**Task description**
Using the data below, reproduce exactly the lines from the line with "Быстрое удаление клея/отсутствие" to the line with "ra và số tiền", both included; pictures must be dropped.
[Start of section]
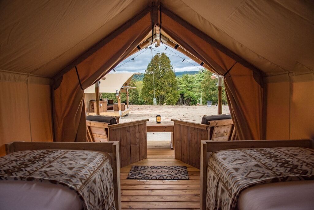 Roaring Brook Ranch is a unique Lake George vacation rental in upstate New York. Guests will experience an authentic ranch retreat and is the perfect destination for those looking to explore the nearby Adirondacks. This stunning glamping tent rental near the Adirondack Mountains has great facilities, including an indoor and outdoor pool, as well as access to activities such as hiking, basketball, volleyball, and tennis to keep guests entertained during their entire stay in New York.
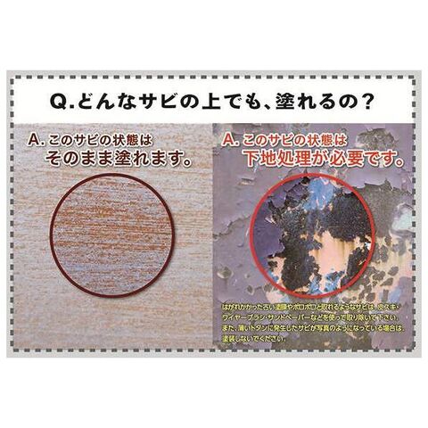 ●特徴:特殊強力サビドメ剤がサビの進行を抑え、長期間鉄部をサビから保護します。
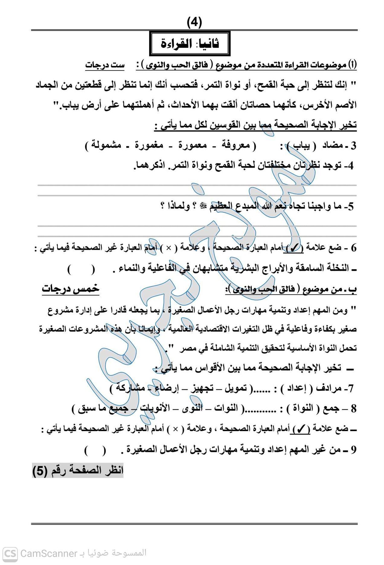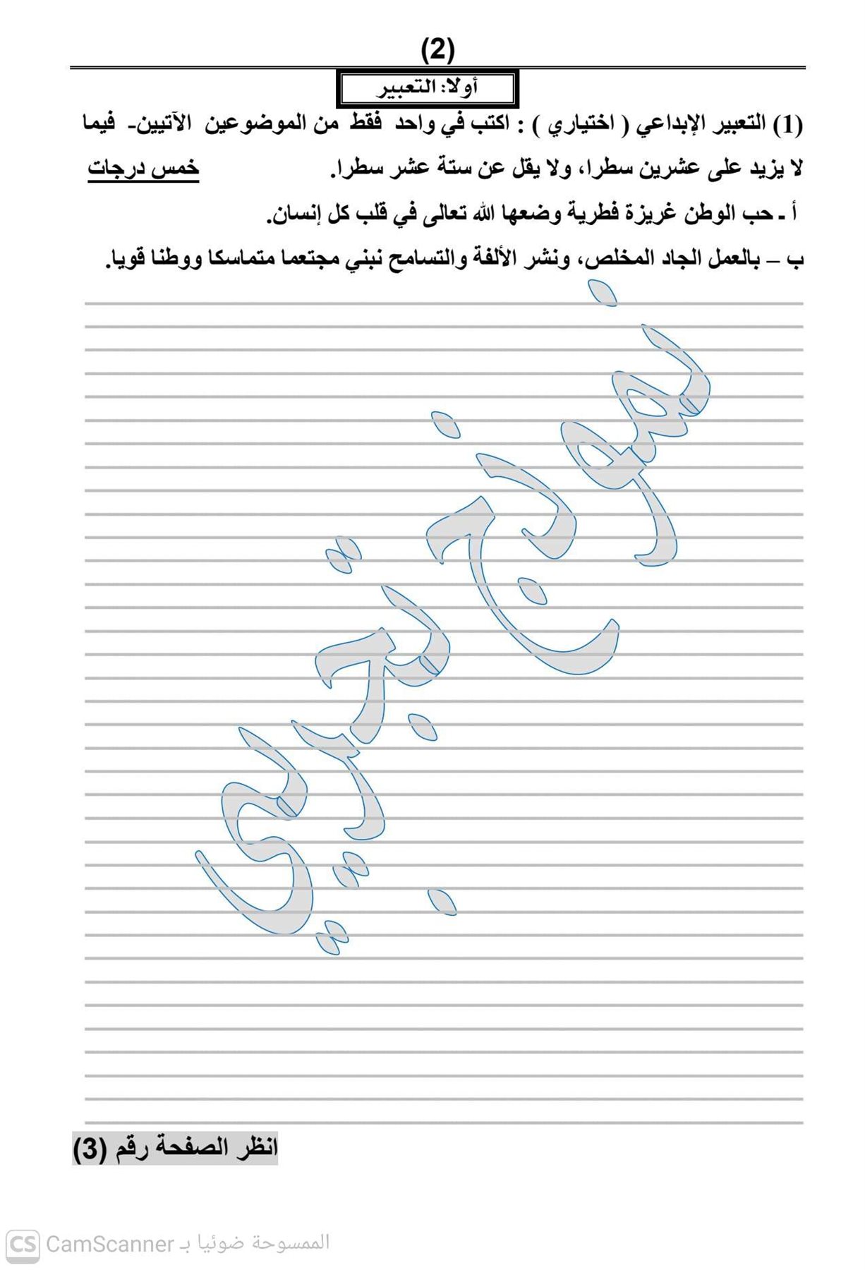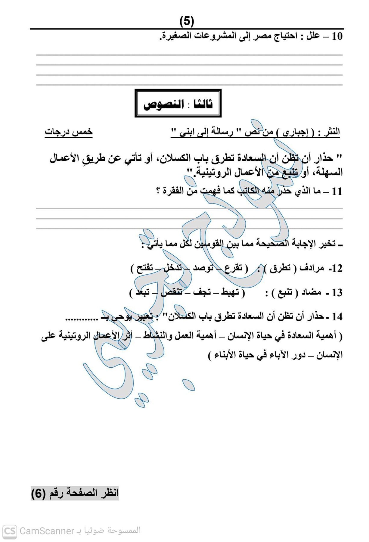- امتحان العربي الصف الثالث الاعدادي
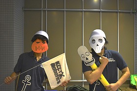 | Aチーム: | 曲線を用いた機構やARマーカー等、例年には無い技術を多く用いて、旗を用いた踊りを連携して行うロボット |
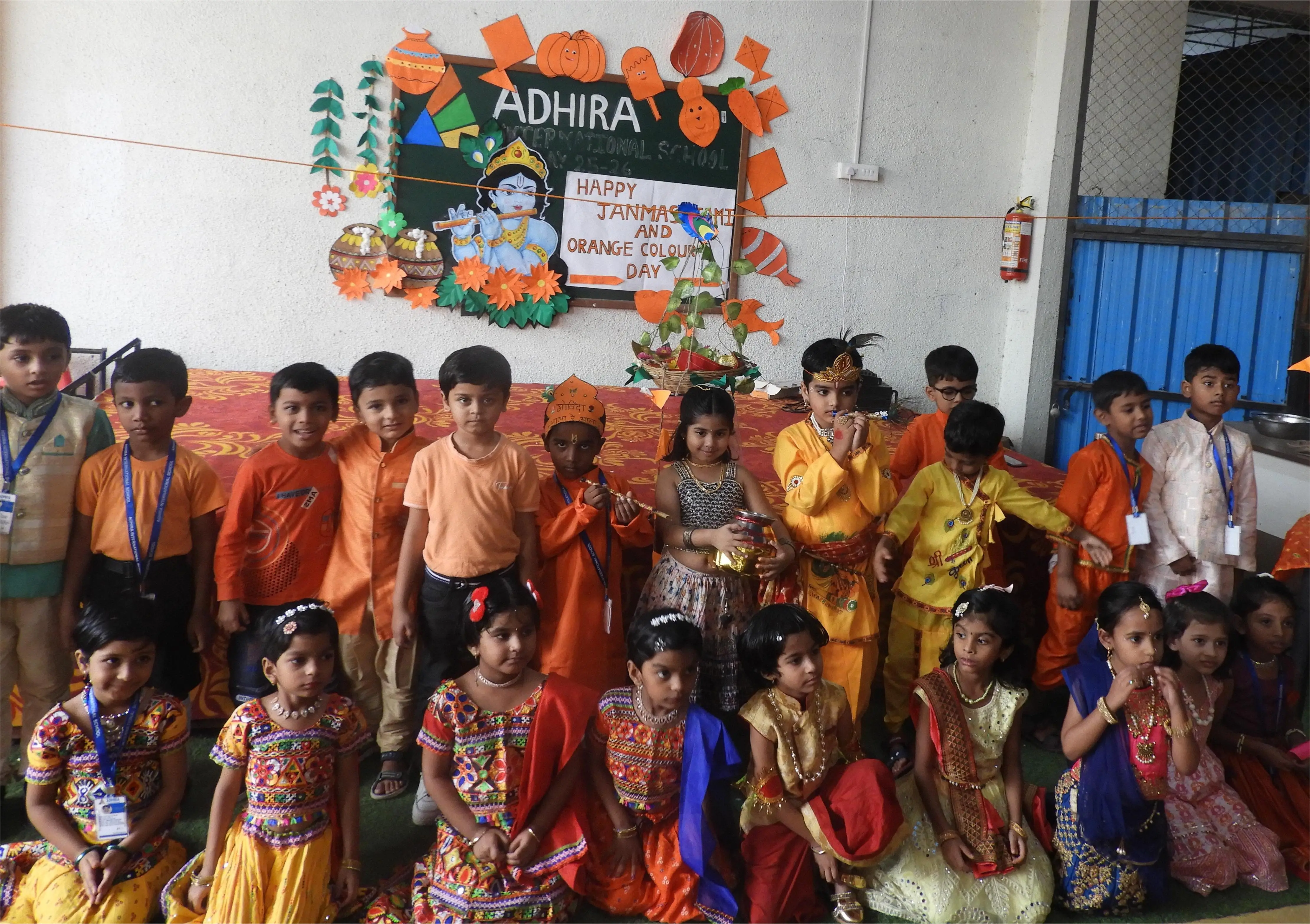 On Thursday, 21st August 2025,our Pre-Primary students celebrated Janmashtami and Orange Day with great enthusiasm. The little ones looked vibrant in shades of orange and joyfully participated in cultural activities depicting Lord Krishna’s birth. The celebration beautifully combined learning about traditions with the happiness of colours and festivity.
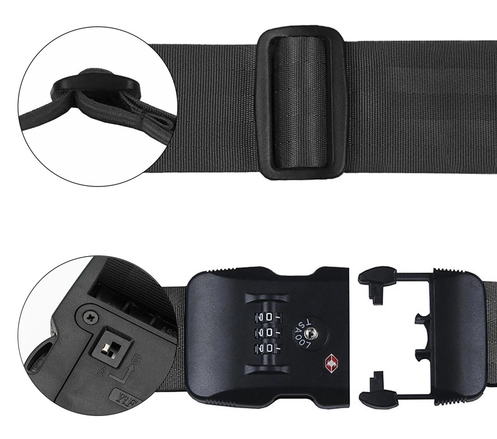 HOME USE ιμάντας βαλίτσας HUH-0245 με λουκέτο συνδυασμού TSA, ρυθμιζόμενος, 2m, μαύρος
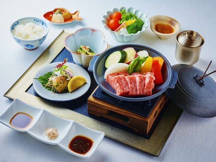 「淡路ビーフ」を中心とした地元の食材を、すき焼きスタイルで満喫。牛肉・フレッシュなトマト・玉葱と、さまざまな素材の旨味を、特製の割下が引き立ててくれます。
[End of section]
[Start of section]
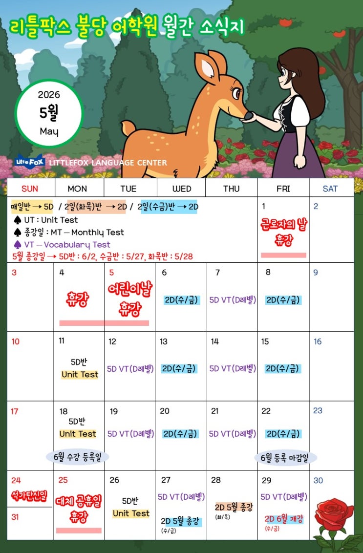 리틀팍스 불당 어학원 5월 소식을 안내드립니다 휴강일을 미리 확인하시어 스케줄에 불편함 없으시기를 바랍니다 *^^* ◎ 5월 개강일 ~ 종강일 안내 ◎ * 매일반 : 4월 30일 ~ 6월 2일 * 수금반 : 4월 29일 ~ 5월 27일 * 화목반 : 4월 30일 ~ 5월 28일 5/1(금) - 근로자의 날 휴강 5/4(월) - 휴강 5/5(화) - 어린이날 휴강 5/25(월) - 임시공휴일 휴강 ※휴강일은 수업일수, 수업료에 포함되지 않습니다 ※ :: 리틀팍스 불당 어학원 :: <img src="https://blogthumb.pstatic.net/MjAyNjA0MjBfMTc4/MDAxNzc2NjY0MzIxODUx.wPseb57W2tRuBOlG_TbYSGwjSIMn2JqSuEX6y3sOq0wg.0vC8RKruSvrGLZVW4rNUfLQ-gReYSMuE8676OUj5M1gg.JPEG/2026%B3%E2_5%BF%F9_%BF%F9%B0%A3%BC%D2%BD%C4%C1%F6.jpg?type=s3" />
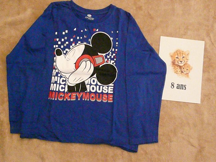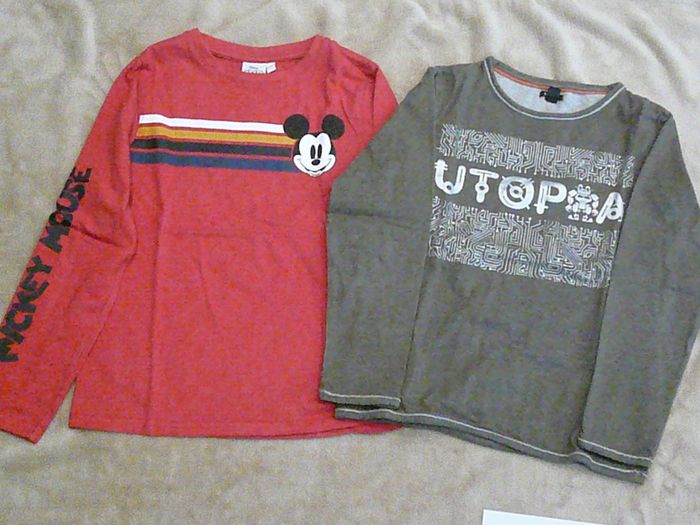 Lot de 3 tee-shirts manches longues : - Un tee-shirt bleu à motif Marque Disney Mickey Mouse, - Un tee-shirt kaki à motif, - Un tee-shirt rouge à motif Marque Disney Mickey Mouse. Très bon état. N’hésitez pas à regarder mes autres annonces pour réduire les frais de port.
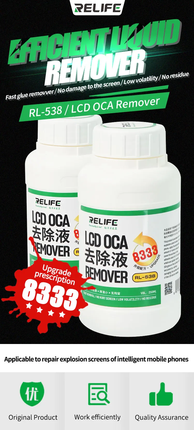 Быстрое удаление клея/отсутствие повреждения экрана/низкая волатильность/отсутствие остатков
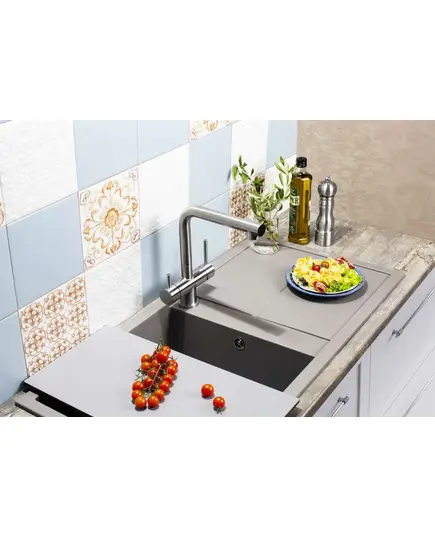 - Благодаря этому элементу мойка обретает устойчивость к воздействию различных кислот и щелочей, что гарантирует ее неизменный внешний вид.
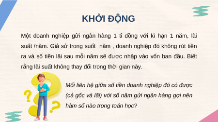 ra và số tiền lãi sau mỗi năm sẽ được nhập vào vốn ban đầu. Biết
[End of section]
**Result of this exercise**
 Быстрое удаление клея/отсутствие повреждения экрана/низкая волатильность/отсутствие остатков
 - Благодаря этому элементу мойка обретает устойчивость к воздействию различных кислот и щелочей, что гарантирует ее неизменный внешний вид.
 ra và số tiền lãi sau mỗi năm sẽ được nhập vào vốn ban đầu. Biết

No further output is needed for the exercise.